A diver is an underwater swimmer who carries a self contained underwater breathing apparatus (SCUBA) system and can stay underwater for a long time. Because of the presence of water, people ashore find it difficult to find, to search for, and to communicate with divers. In addition, when a diver is in danger, the probability of misfortune is high, even with the help of rescuers. There are active and passive sonar system for underwater detection. In shallow water, the active sonar system faces the challenge of reverberation, and the performance requirements of small targets are high.
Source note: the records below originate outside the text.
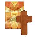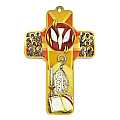 Certificato ricordo della Santa Cresima in cartoncino sottile (da compilare) confezionato in una busta trasparente con una croce in mdf.Sulla croce sono raffigurati i simboli della cresima e l'immagine è una stampa con rifiniture in oro a caldo.La croce misura 8,3x12,8 centimetri; la misura dell'altezza è comprensiva del foro per poterla appendere.Prodotto in Italia
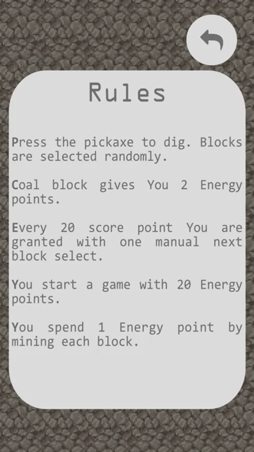 Create deep mines and take coal from them. This game balances between randomness and ability to think. Stay alive and help your miner to find coal which supports his strength. Use your bonus block selections to prolong the game.
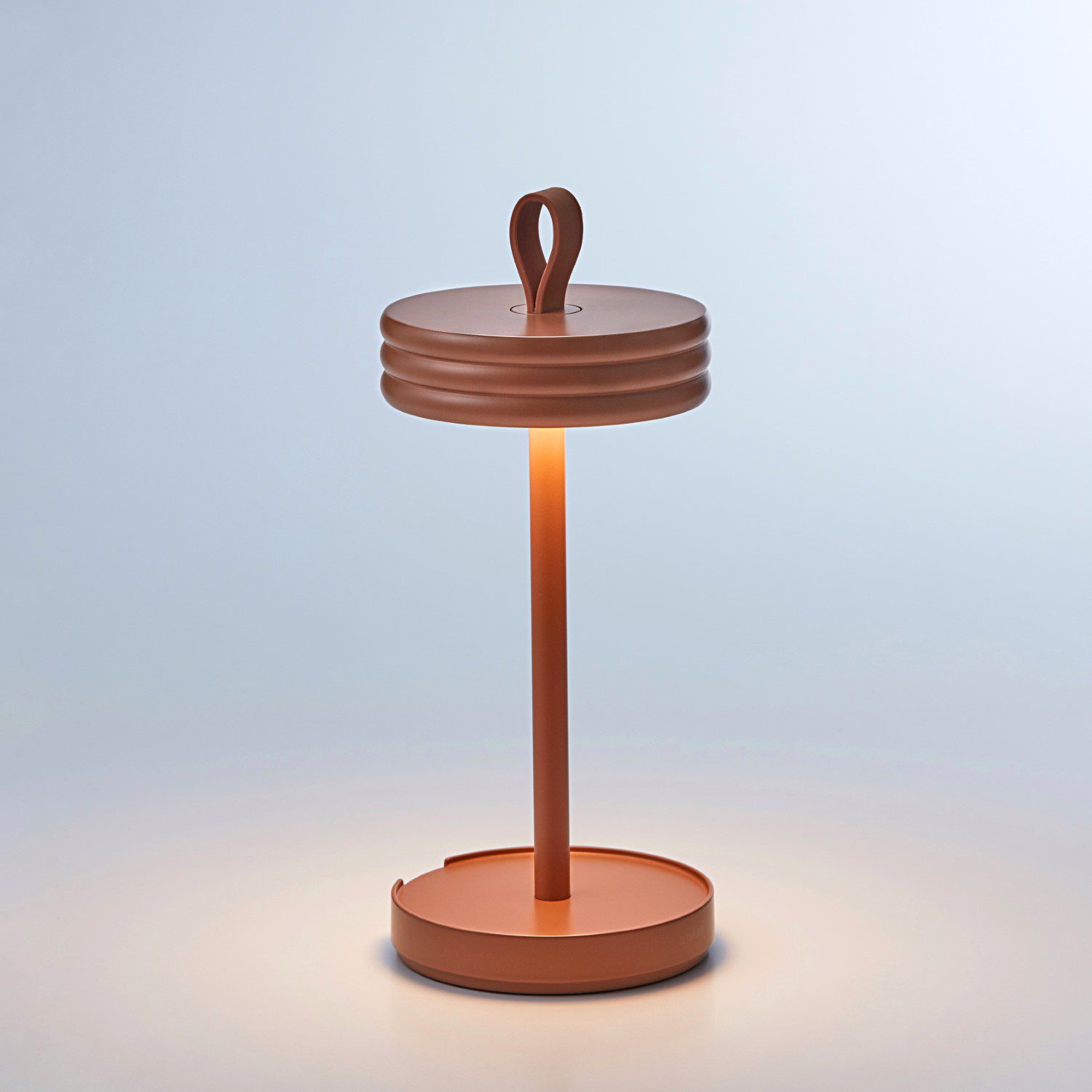 Tragbare BIG HUG LED-Lampe mit warmem Licht – robust, stilvoll und dank IP44 auch für draußen geeignet.

Compared with the active mode, passive sonar has small energy consumption, is cheaper and more hidden, and is being pursued as an alternative [1].

In passive diver detection system, the diver’s breathing sound, coming from the gas exchange process in SCUBA, is useful for the passive detection of the diver’s presence [2,3]. The periodic pulse characteristic, caused by the vibration of high pressure gas in inhaling [4], is effective to detect the diver’s presence. Ref. [5] proposed matched filter to extract periodic characteristic, but reliable reference signal from the diver’s breathing sound is hard to obtain. Ref. [6] pre-whiten the noise and detect the diver based on envelope spectrum to a maximum range of

20 m

. Although the sounds can be spatially filtered using an underwater array [7], we focus on detecting the presence of diver in a single channel, which also can be used in the multichannel scene.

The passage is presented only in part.